Beyond the scope of such a short period of time, it is important to see an effect that is durable and/or long-lasting. That’s exactly what was shown with this very same released data. Both the 8 mg and 12 mg doses of BPL-003 were able to maintain statistical significance in terms of MADRS all the way to 8 weeks. On top of a majority of patients seeing such an effect as early as the first day.
The terms of the buyout for $2.8 billion correspond to $6.75 per share in cash. The reason why this is important is because there is another $1 billion, or $2.50 per share in cash, that is being tied to a contingent value right [CVR]. What this means is that in order for shareholders to receive this CVR, there have to be specific development and regulatory milestones met with respect to BPL-003, along with VLS-01.

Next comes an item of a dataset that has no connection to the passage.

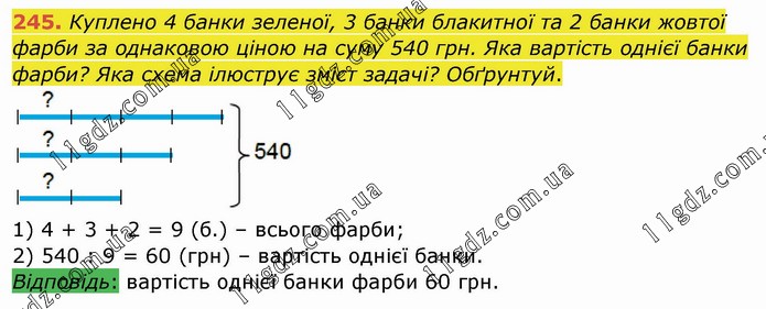 Куплено 4 банки зеленої, 3 банки блакитної та 2 банки жовтої фарби за однаковою ціною на суму 540 грн. Яка вартість однієї банки фарби? Яка схема ілюструє зміст задачі? Обґрунтуй. 1) 4 + 3 + 2 = 9 (б.) – всього фарби; 2) 540 : 9 = 60 (грн) – вартість однієї банки. Відповідь: вартість однієї банки фарби 60 грн.
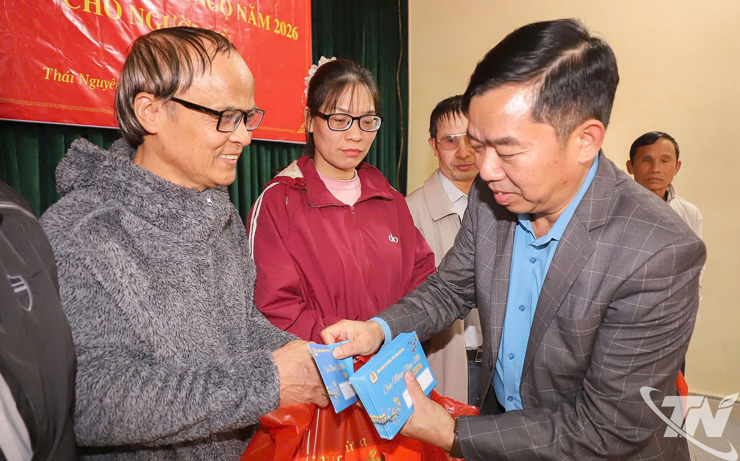 | Đại diện Liên đoàn Lao động tỉnh trao quà Tết cho hội viên Hội Người mù tỉnh Thái Nguyên. |

Speaking of VLS-01, I believe this is another reason why AtaiBeckley was likely acquired. It is because this other drug, which is oral buccal film DMT, is in the process of being evaluated in the phase 2b Elumina trial for TRD patients. Thus, the point here is that this offers another way that Eli Lilly could possibly capitalize on the TRD market. In other words, it acts as another shot on goal. Investors won’t have to wait long to see data from this mid-stage study using VLS-01 for TRD patients. That’s because topline results from the Elumina study are expected to be released in Q4 of 2026.
The truth is that VLS-01 might be the huge bonus for Eli Lilly. Why do I say that? It is because not only was there a plan to initiate a phase 3 study program using this other psychedelic drug to treat patients with major depressive disorder [MDD], but there was also a thought process of advancing it for the treatment of patients with generalized anxiety disorder [GAD] as well.
With receiving approval of AtaiBeckley stockholders and other customary closing conditions, this acquisition is expected to be completed in Q3 of 2026. The development pipeline for AtaiBeckley goes deeper. It even was in the process of developing an oral formulation of R-MDMA, EMP-01, for the treatment of patients with social anxiety disorder [SAD]. It released positive top-line results from a phase 2 study using this drug to treat these patients.
Although early, there were encouraging signals relating to secondary endpoints for EMP-01 treating these SAD patients. The hope is that something can happen with this program to help these patients. That’s because there have been no advancements in pharmacological treatments in over 20 years.